Math 343 Fall 99
Homework Assignments
Homework 01: due Wed. Sept. 1 Read Section 1.1 and 1.2 Page 48, #5, 6
Homework 02: due wed. Sept. 8 Page 48: #8, 12, 14 Page 57: #1, 2
Homework 03 Page 70, #2, 3, 6
Homework 04, due Monday, 09/20/99 Page 72, #8: set up the linear programming problem and solve by Maple Page 96, #13, #14, solve the linear systems using "gaussjord" command in Maple
Homework 05, due Wed. 09/22 Using the finite-difference method, find the simplified general i-th equation of the boundary value problem of ordinary differential equation y"-y'/x-3y/(x^2)=ln(x)/x - 1, x in [1, 2] y(1)=y(2)=0
Homework 06, due Mon. 09/27 Solve the BVP in Homework 05 with Maple using the finite-difference method and plot the solution (Note: There is no apparent exact solution to compare with)
Homework 07, due Mon. 09/27 Page 366: Use the data corresponding to #6-10, formulate a linear system Ax=b where the matrix has more rows than columns.
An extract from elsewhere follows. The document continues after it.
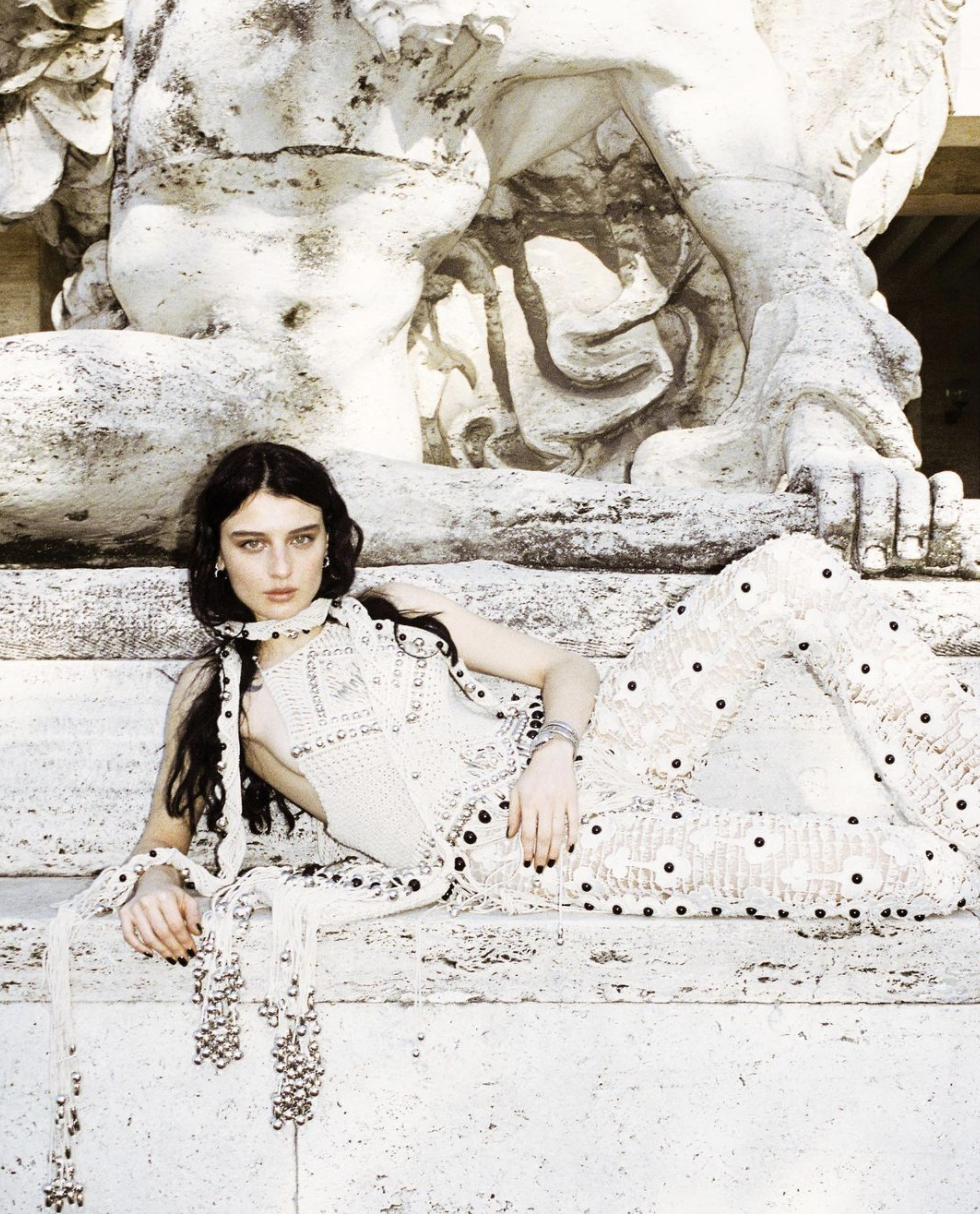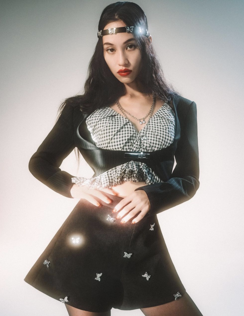 中国设计师品牌CALVIN LUO的设计理念当中,金属元素也是一大重点,尤其是今年春夏新品当中极具存在感的金属蝴蝶坠饰,水原希子率性演绎。

Then formulate the normal equation transpose(A)Ax=transpose(A)b
Homework 08, due Mon. 10/04/99 Find the cubic polynomial y=a*x^3+b*x^2+c*x+d that is the least squares fit to the data: x 1 2 3 4 5 6 -------------------------------------------- y -2.2 -1.8 0.4 3 1.2 2.3 Requirements: (1) construct a linear system Ax=b with more equations than variables (2) derive the normal equation from (1) (3) find the cubic polynomial (4) using Maple, plot the data points and the cubic polynomial together to visualize the results
Homework 09, due Mon. 10/04/99 P301, Section 6.1: #2, 6, 9(a,b), 10(a,b)
Homework 10, due Mon. 10/11/99 P308, #2, #4
Homework 11, due Mon. 10/11/99 P308, for matrices in problem #2 and #4, find the probability eigenvectors.
Homework 12, due Wed. 10/20/99 P320, #8
Homework 13, due Mon. 10/25/99 P321, #16
Homework 14, due Mon. 11/01/99 Find the closed form solution to the sequence: G[0]=1, G[1]=2, G[k]=0.5*(G[k-1]+G[k-2]), for k=2,3,... Use your solution to find the limit of G[k] when k goes to infinity
Homework 15, due Mon. 11/01/99 Solve system of ODE: x' = x + 2y + 3z y' = y z' =2x + y + 2z
Homework 16, due Mon. 11/08/99 Find the substitutions and the standard forms of (1) 9*x[1]^2+ x[2]^2+6*x[1]*x[2]-10*sqrt(10)*x[1]+10*sqrt(10)*x[2]+90=0 (2) 5*x[1]^2+5*x[2]^2-6*x[1]*x[2]-30*sqrt(2)*x[1]+18*sqrt(2)*x[2]+82=0
Homework 17, due Mon. 11/08/99 For the quadratic form 5*x[1]^2+12*x[1]*x[2]-12*sqrt(13)*x[1],-36=0 (1) find the substitutions and the standard form; (2) use the substitutions to plot the graph with Maple
Homework 18, due Mon. 11/15/99 Identify the standard quadratic form of (1) -x[1]^2-x[2]^2-x[3]^2+4*x[1]*x[2]+4*x[1]*x[3]+4*x[2]*x[3]=3; (2) 2*x[1]*x[3]-2*x[1]-4*x[2]-4*x[3]+8=0
Homework 19, due Mon. 11/15/99 Problem 1: Section 7.1, #4 Problem 2: Let u, v, w be n-vectors with u orthogonal to both v and w. Prove that u is orthogonal to every linear combination of v and w. (A linear combination of v and w can be written as a*v+b*w for real numbers a and b)
Homework 20, due Mon. 11/22/99 Section 7.1, #8, 9, 10, extra credit for #11
Homework 21, due Mon. 11/22/99 Section 7.2, #2, 3, 5
Homework 22, due Mon. 11/29/99 Problem 1. Find an orthonomal basis for the subspace V of R^4 consisting of all vectors of the form (a, a+b, c, b+c) Problem 2. Find an orthonomal basis for the subspace W of R^4 consisiting of all vectors (a,b,c,d) such that a-b-2c+d=0
Homework 23, due Mon 12/06/99 1. Use the matrix on page 414 #9 to perform QR decomposition in detail 2. Use the QR decomposition you got and the vector b in problem 11 to solve Ax=b
Homework 24, due Mon 12/06/99 P414, #10, 12
Homework 25, due Mon 12/13/99 For A = matrix(3,3,[1,2,3,4,5,6,2,0,2]) and b = vector([1,1,1]), use Maple to get SVD of A and solve Ax=b with the decomposition.